- [Data listing]
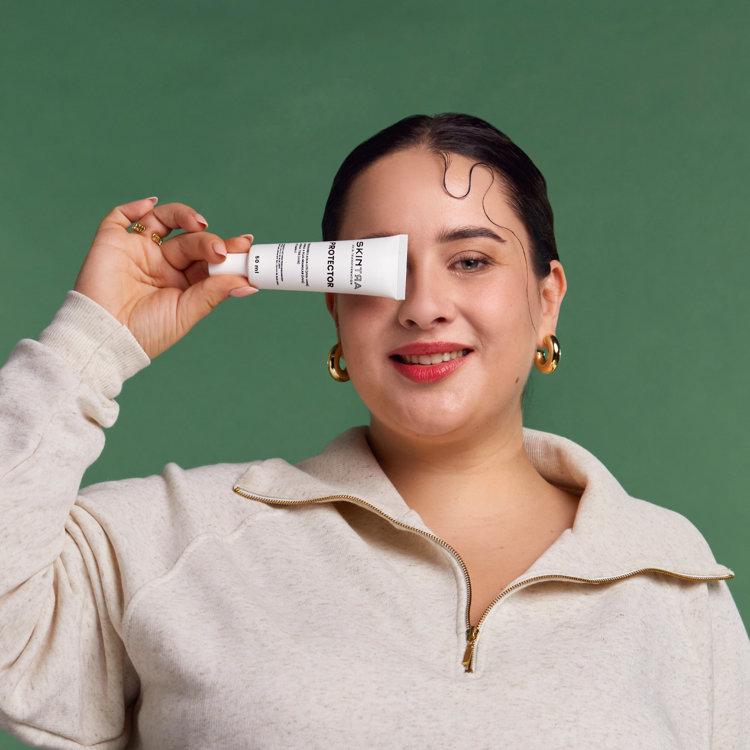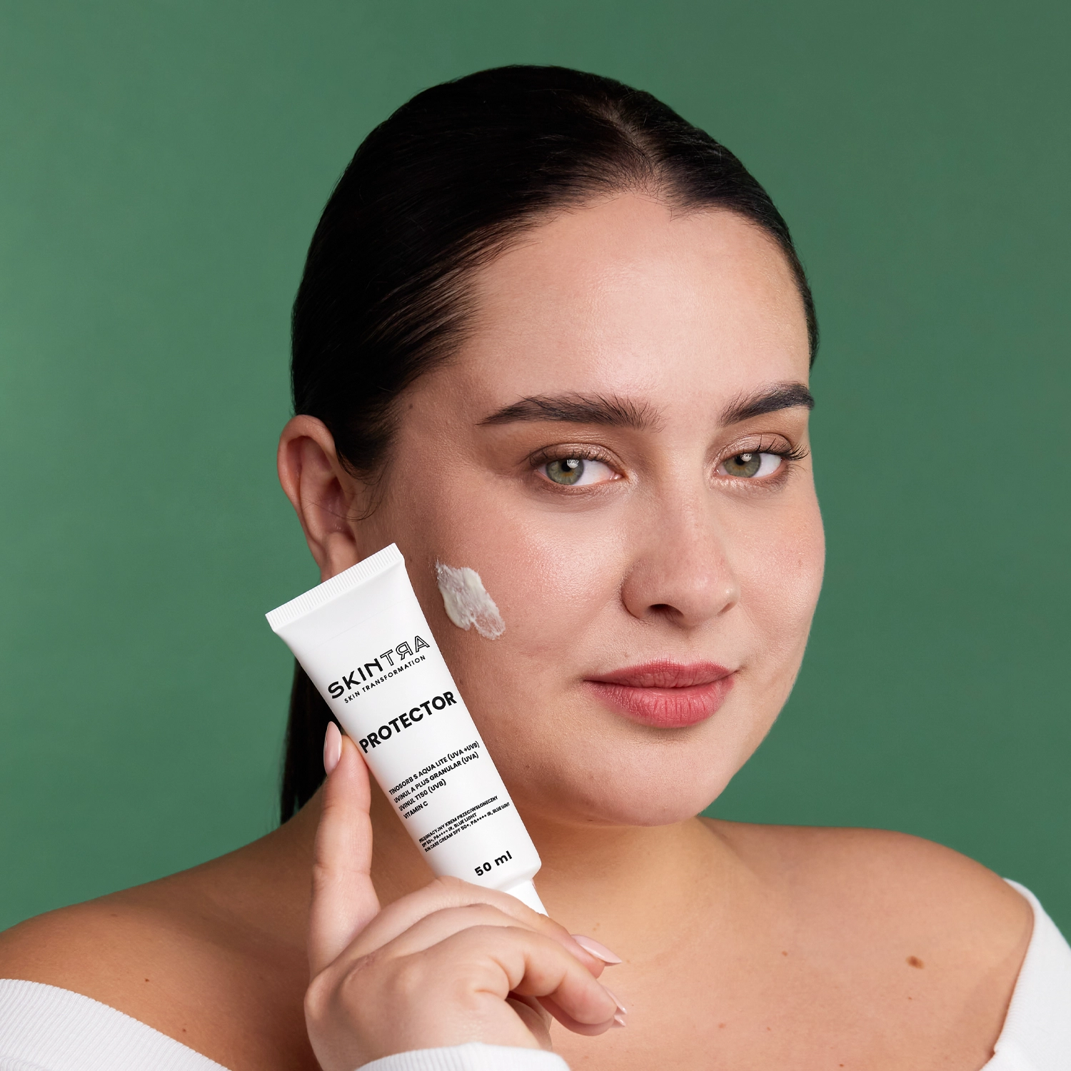 SkinTra - Protector - Доглядовий сонцезахисний крем SPF 50+/PA++++, IR, BLUE LIGHT має сатиновий фініш на шкірі та надає здорове сяйво. Щоб надати більш матового ефекту, рекомендую додатково припудрити лице через 15-20 хвилин після нанесення крему.
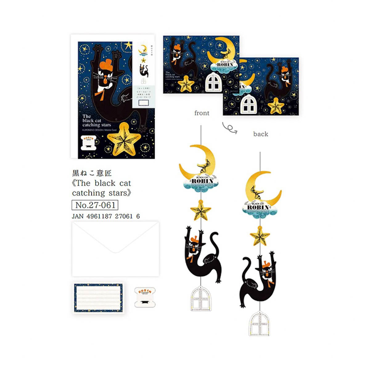 Die Motive dieser Grußkarte sind vorgestanzt, und durch die Löcher kann ein Faden gezogen werden, um ein Mobile zu basteln. Sie wird außerdem mit einer Nachrichtenkarte und einem Umschlag geliefert.
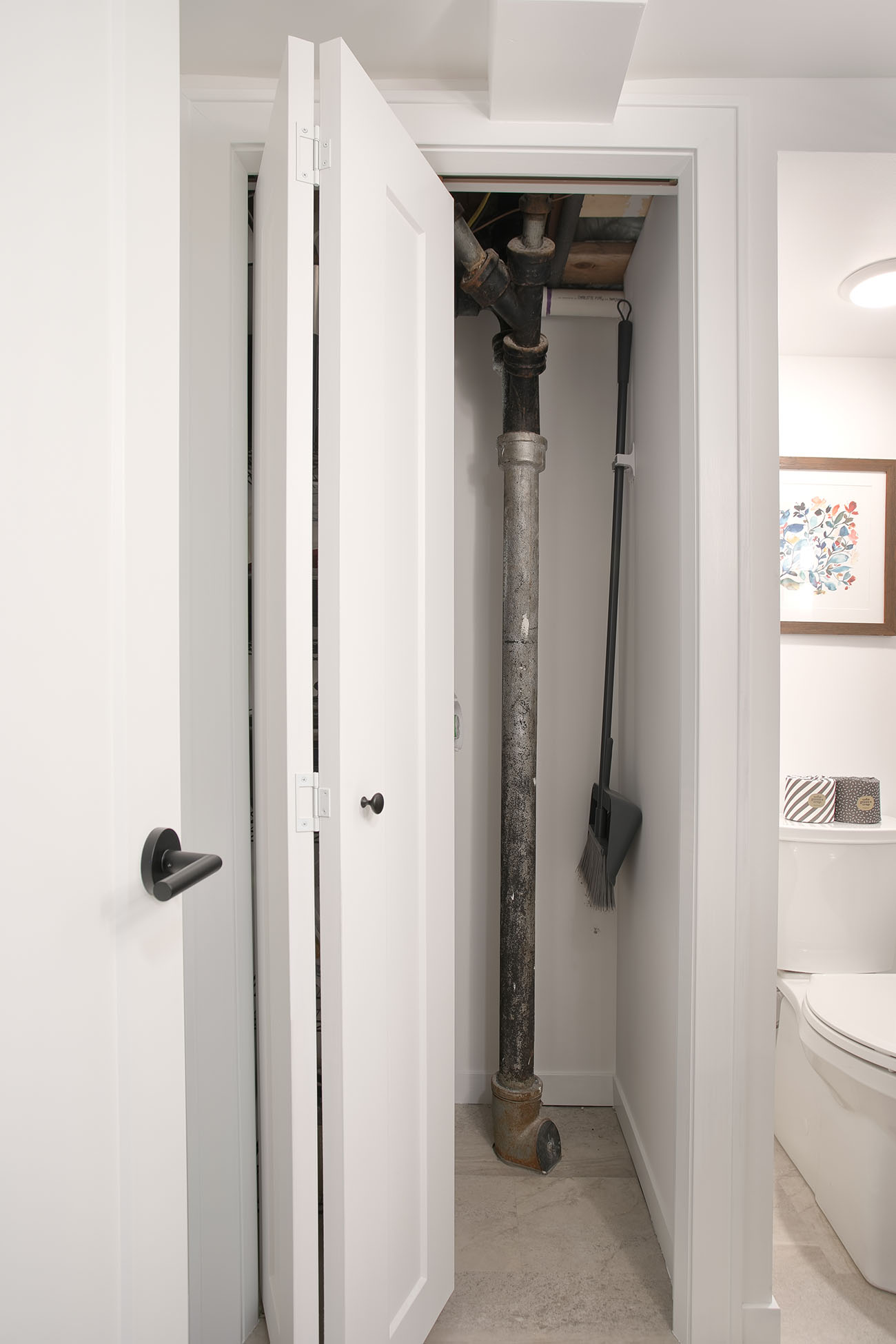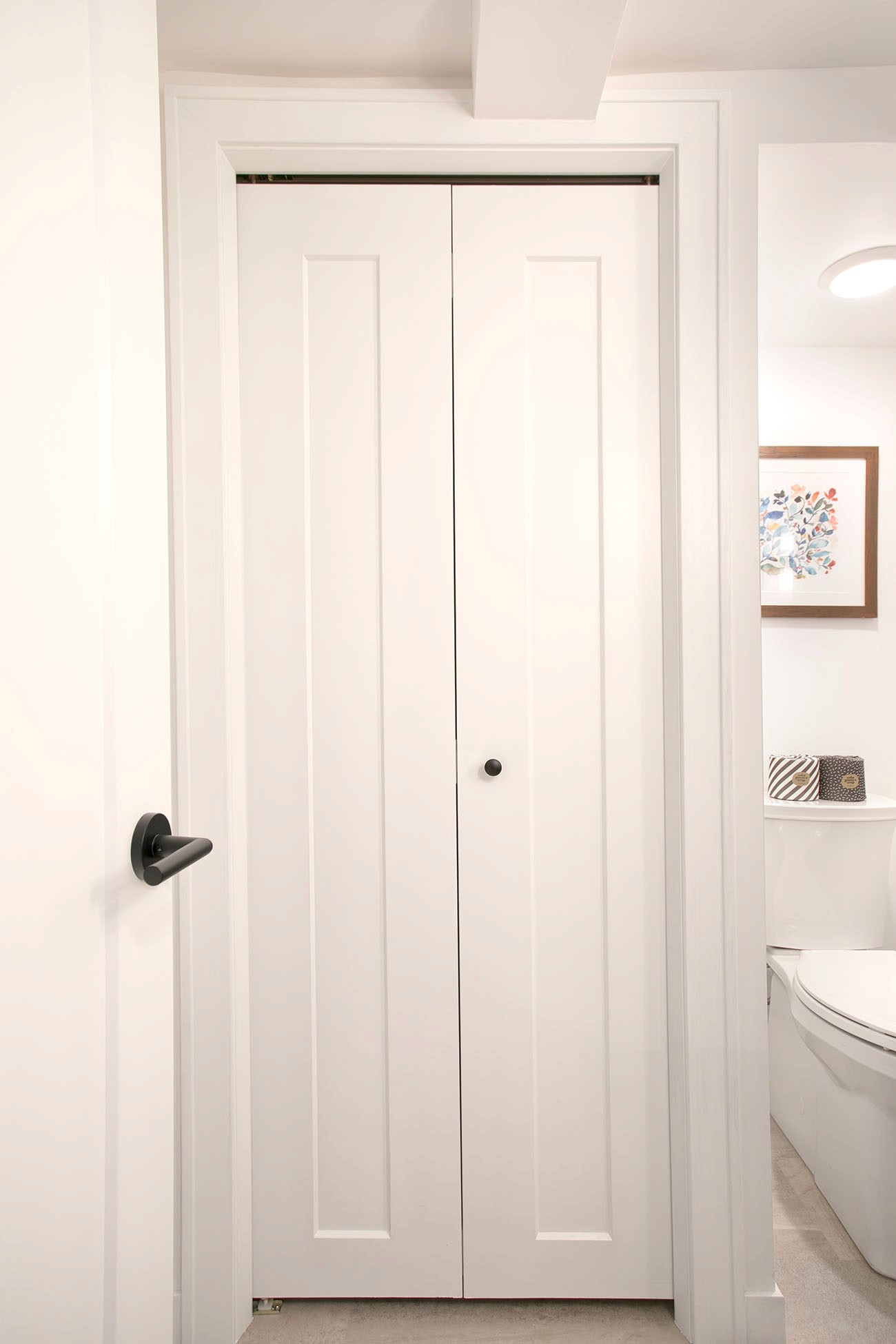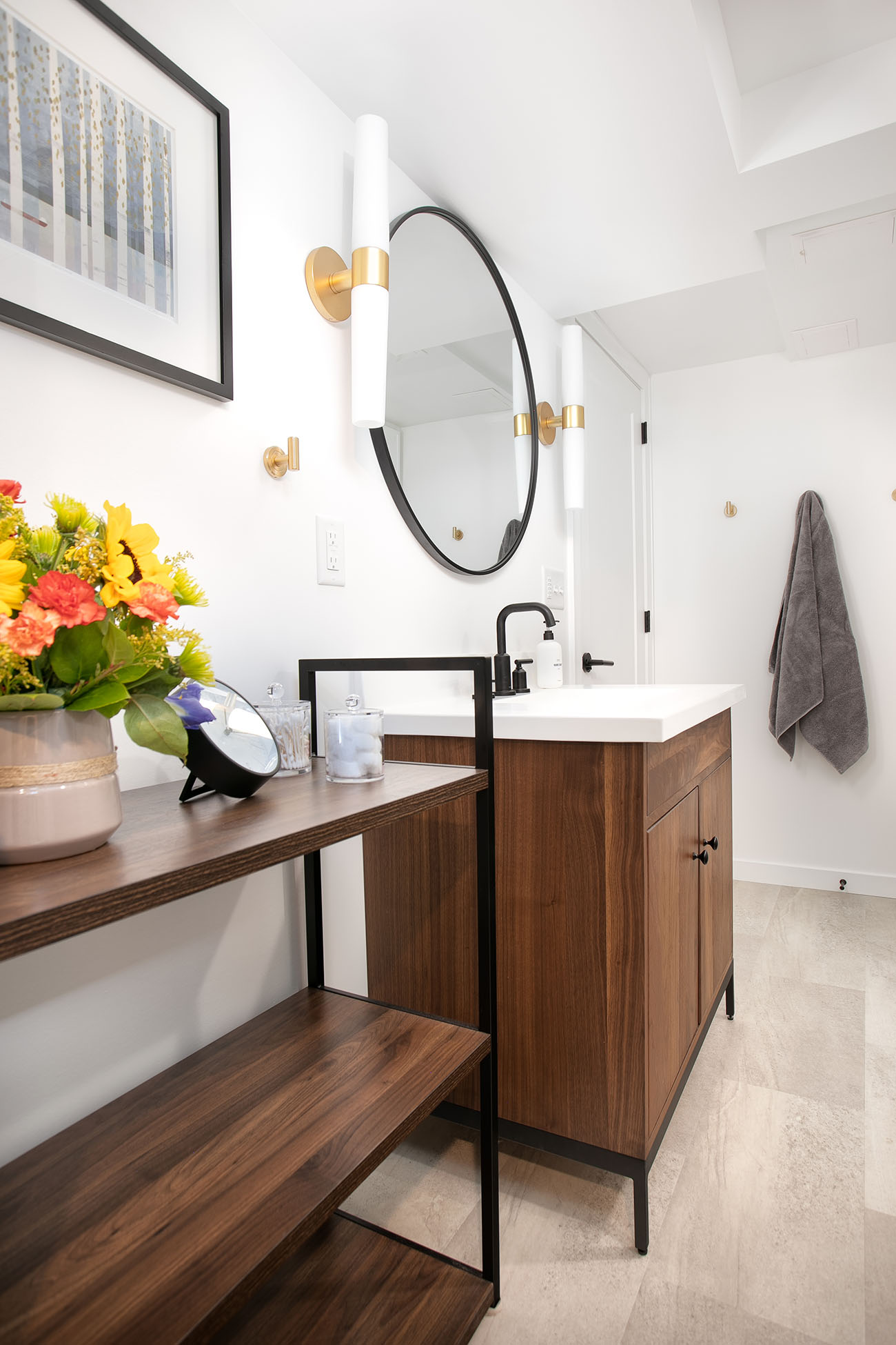 The basement added a ¾ bathroom to the house, and the laundry area was also finished. These spaces were also given a mid-century modern feel with the vanity, material choices and lighting. The shower features another great pop of color in the handmade green vertically stacked tiles at the back. These rooms also have a light an airy feel, even though they are in a basement.
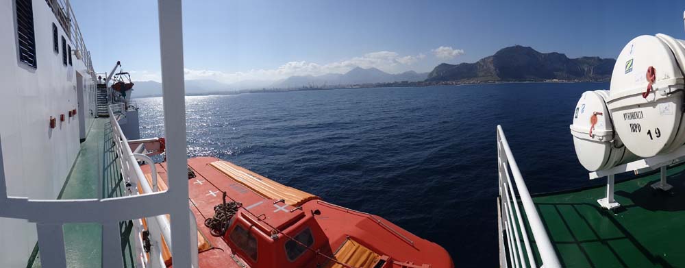 The ferry finally unhooked and left Africa about 4am, five hours late. From reading other’s accounts of ferries between Italy and Tunisia, that’s about par for the course. After grabbing roasting hot showers, we kipped like logs until 9am. From this point on until the point we drove into Palermo, there were no announcements, apart from ones to say the shop had opened and then closed. We worked out what to do by accident and by asking at reception a couple of times. Before disembarking we met Jessie, a student from northern California (where he assures us the sun does not shine), who has been working for food and digs in Morocco and Tunisia, with his next gig in North Italy. Top man, he’s doing it on the cheap and uses couchsurfing to find places to stay.
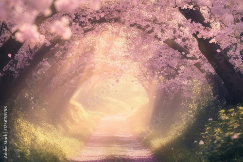 ethereal digital painting of winding cherry blossom tunnel, pink petals dancing in sunbeams, misty japanese landscape at dawn
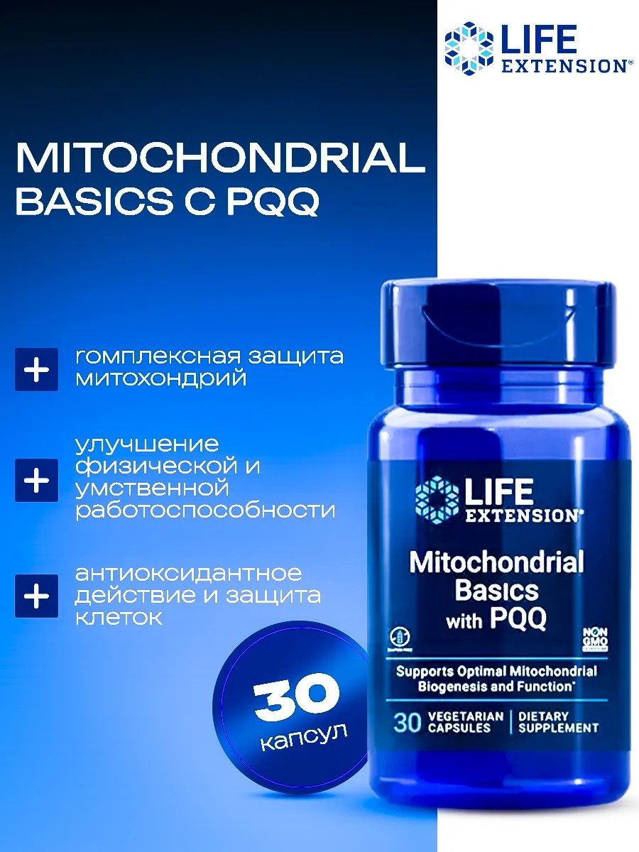 | Composition | Mitochondrial Basics with PQQ (mitochondria, pyrroloquinoline quinone) 30 capsules Life Extension |
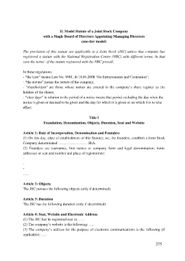 II. Model Statute of a Joint Stock Company

- [Instructions to follow]
Everything from the line with "Die Motive dieser" through the line with "The basement added" in the material above should be transcribed exactly, except the pictures.

- [Answer to this task]
 Die Motive dieser Grußkarte sind vorgestanzt, und durch die Löcher kann ein Faden gezogen werden, um ein Mobile zu basteln. Sie wird außerdem mit einer Nachrichtenkarte und einem Umschlag geliefert.
 The basement added a ¾ bathroom to the house, and the laundry area was also finished. These spaces were also given a mid-century modern feel with the vanity, material choices and lighting. The shower features another great pop of color in the handmade green vertically stacked tiles at the back. These rooms also have a light an airy feel, even though they are in a basement.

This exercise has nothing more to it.